Fitzhugh Mullan, MD, Big Doctoring in America: Profiles in Primary Care, University of California Press, 2002
A revolt has been brewing out there for at least ten years among primary care physicians. With the looming shortage of primary care generalists, unsustainable specialist-generated costs, and doctors leaving or not entering primary care at accelerating rates, the revolt is about to explode out into the open.
The revolt boils down to discrepancies of pay between primary care doctors and specialists, and the role of the AMA in nominating more specialists than primary candidates to RUC (The Relative Value Update Committee). Medicare, routinely accepts what RUC recommends, and proceeds to sets fees for the codes used to pay doctors.
Here a primary care doctor, Paul M. Fisher, MD, of the Primary Care Center in Augusta, Georgia, expresses his outrage about the matter.

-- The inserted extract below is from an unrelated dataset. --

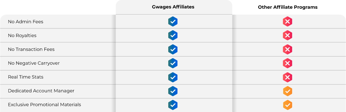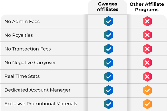 At Gwages, we pride ourselves on our transparent and rewarding commission structure. You'll receive a fair and clean share of your players' monthly net deposits with low fees.
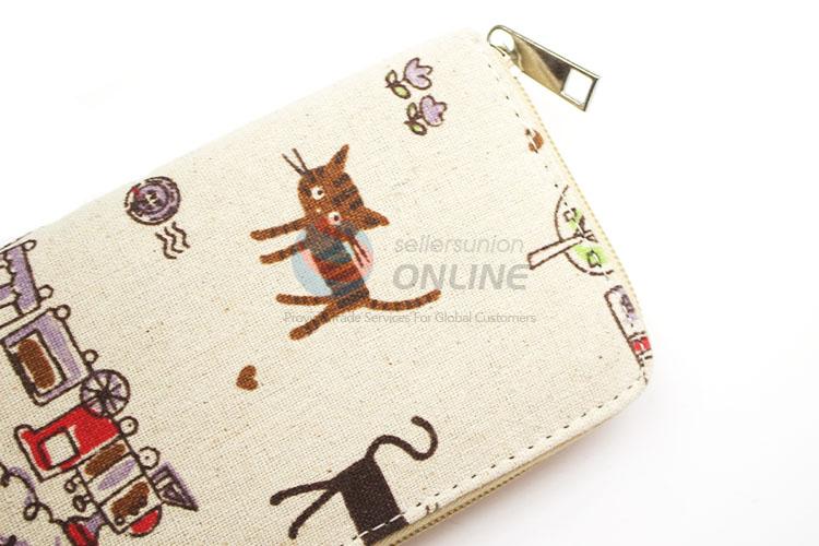 Lovely Cat Pattern Canvas Purse&Wallet with Polyester Zipper for Sale

A Family Physician’s Manifesto
Paul M. Fischer, MD
As a third-year medical student in 1977, I joined the American Academy of Family Physicians (AAFP). In those culturally tumultuous years, it was a way to declare my belief that America needed physicians who cared for the whole person, family and community. It was also a declaration that, in choosing the primary care path in a field ripe with tempting medical specialties, money was not my primary goal.
For much of my 33-year membership, I have considered the AAFP to be “my” organization. However, there is a time when one must step back and declare independence from organizations that have lost touch with their members. The AAFP does much that supports my day-to-day life as a busy family doctor, but for 33 years, its leadership has failed to fix the central problem for primary care in America: poor reimbursement.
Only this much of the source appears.